The 30-something driving instructor wants reliability, and believes Britain's growing Islamic finance sector offers this in a way that myriad traditional main street banks no longer do.
"It's simple and straightforward, which is great because ... it seems as though interest rates right now could go ballistic," says Mr. Bhatti, whose parents immigrated to England from Pakistan.
At a time of almost unprecedented financial volatility, Islamic banks are being hailed as bastions of stability. Growing numbers of individuals and companies are now embracing their workings, which are based on Koranic principles.
Using law changes and generous tax breaks, the British government is now attempting to transform London into the Western world's center for Islamic finance. Conventional banks and financial institutions are also rolling out a range of Islamic finance products.
Globally, the market for Islamic financial services is estimated to have grown more than threefold over the past decade – from around $150 billion in the mid-1990s to $500 billion in 2006.
Keen to tap into this, Britain's authorities are planning to become the first Western government to issue an Islamic bond – called a sukuk – structured to comply with the sharia law principles of Islamic finance, which forbids all forms of interest payments.
Sharia law also prohibits investing in any enterprises involved with alcohol, gambling, tobacco, and pornography – a fact that nicely dovetails with the growing number of Westerners seeking socially responsible investments.
According to a new study by International Financial Services London (IFSL), an independent organization representing Britain's financial services industry, Islamic finance will emerge largely unscathed from the current global crisis, largely because its structures make little or no use of many of the complicated instruments blamed for the current problems in conventional finance, such as derivatives and short-selling.
Although Islamic finance does allow for risk-taking, it does not permit excessive uncertainty, known as gharar. All deals to buy or sell are invalid if the object dealt with is not certain and transparent.
When risks are taken, the Islamic financial model insists they are shared. In retail, this involves the customer and their bank sharing the risk of any investment on agreed terms, and dividing any profits between them. Products revolve around principles such as murabaha, a form of credit enabling customers to make a purchase without having to take out an interest-bearing loan. The bank buys the item and then sells it on to the customer on a deferred basis.
Bhatti, who lives in the leafy London suburb of Wimbledon with his wife and young daughter, is currently a customer of Abbey National, a traditional, Western bank. He has had no objection to using conventional Western financial products. However, in the past, the couple were customers of the Bank of Kuwait when they bought a home costing nearly $200,000 in the London district of Croydon.

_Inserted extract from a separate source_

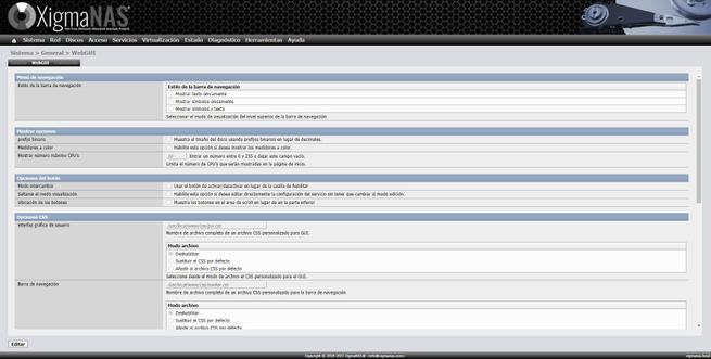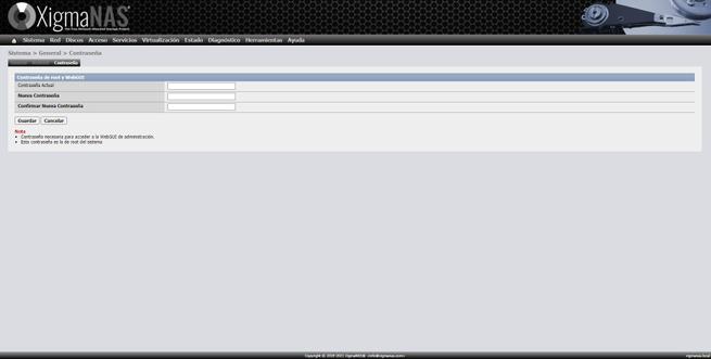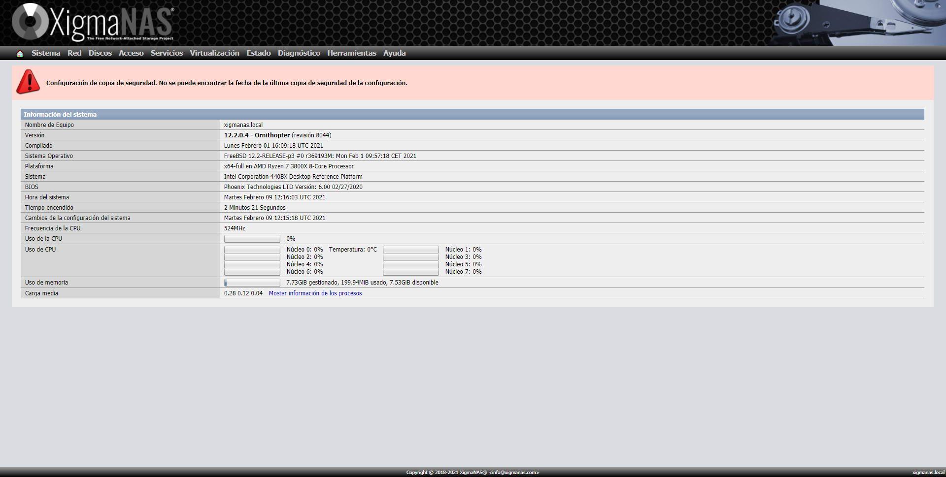 Le nom d’utilisateur pour accéder à l’administration via est «admin», et le mot de passe est «xigmanas». Une fois introduit, nous entrerons pleinement dans l’interface utilisateur graphique du système d’exploitation :
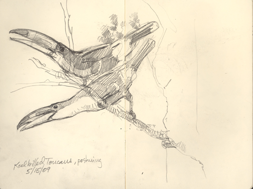 Dusky titi monkey, Peru. Listen to the sound of a whole troupe...Great tinamou and chick, PanamaKeelbilled toucan calling: listen to the "warm-up" ratcheting at the start. There's a red-capped manakin displaying nearby. Listen for the snaps and buzzes. Recorded in Panama.Chestnut-backed antbirds, recorded and sketched in Panama. The squirrel was there, too, an innocent bystander.

The Bank of Kuwait valued the house at about $270,000, based on what it was expected to be worth at a later date, and arranged for the family to pay the money back in equal installments over the next 16 years. Now, Bhatti is planning to return to such an arrangement by transferring his conventional mortgage to an Islamic bank.
"With the current economic situation, our plans to go back to Islamic banking are not just about religion, they're a financial decision. It's more secure ... and it's clearer for the future," he says.
More than 26 banks in the UK offer Islamic financial products, including major institutions such as HSBC. Six Islamic banks are wholly compliant with sharia law. A pioneer of Islamic retail banking has been the Islamic Bank of Britain, which has 64,000 account holders and branches in cities including London, Birmingham, and Manchester. The bank recently launched its most competitively priced sharia mortgage to date, offering terms that company executives hope will lure takers beyond its core market of Britain's 2 million working Muslims.
This country's growing Muslim community is helping broaden London's reputation as a financial capital, says Patrick Lamb, an official who joined a British government delegation this week to the World Islamic Banking Conference in Bahrain, where the UK authorities and a range of London-based banks and firms showcased their expertise.
"We have by far the largest concentration of Islamic finance anywhere in Europe," Mr. Lamb says.
Along with home and retail finance, increasing numbers of companies are also turning to Islamic finance to raise money for expansion, ranging from steel manufacturers to luxury gift firms, which are often owned by Muslims or have Muslim shareholders. Money from wealthy Gulf investors has been pouring into Britain in recent years. There is no more potent symbol of this than the skyline of London's financial center, known as The City.
A fund from Kuwait spent more than $600 million recently to buy the Willis Building, one of the tallest in the district, while nearly $3 billion is coming from Qatar to finance the building of what will be Europe's tallest building, a 1,000-foot-tall structure known as the Shard of Glass.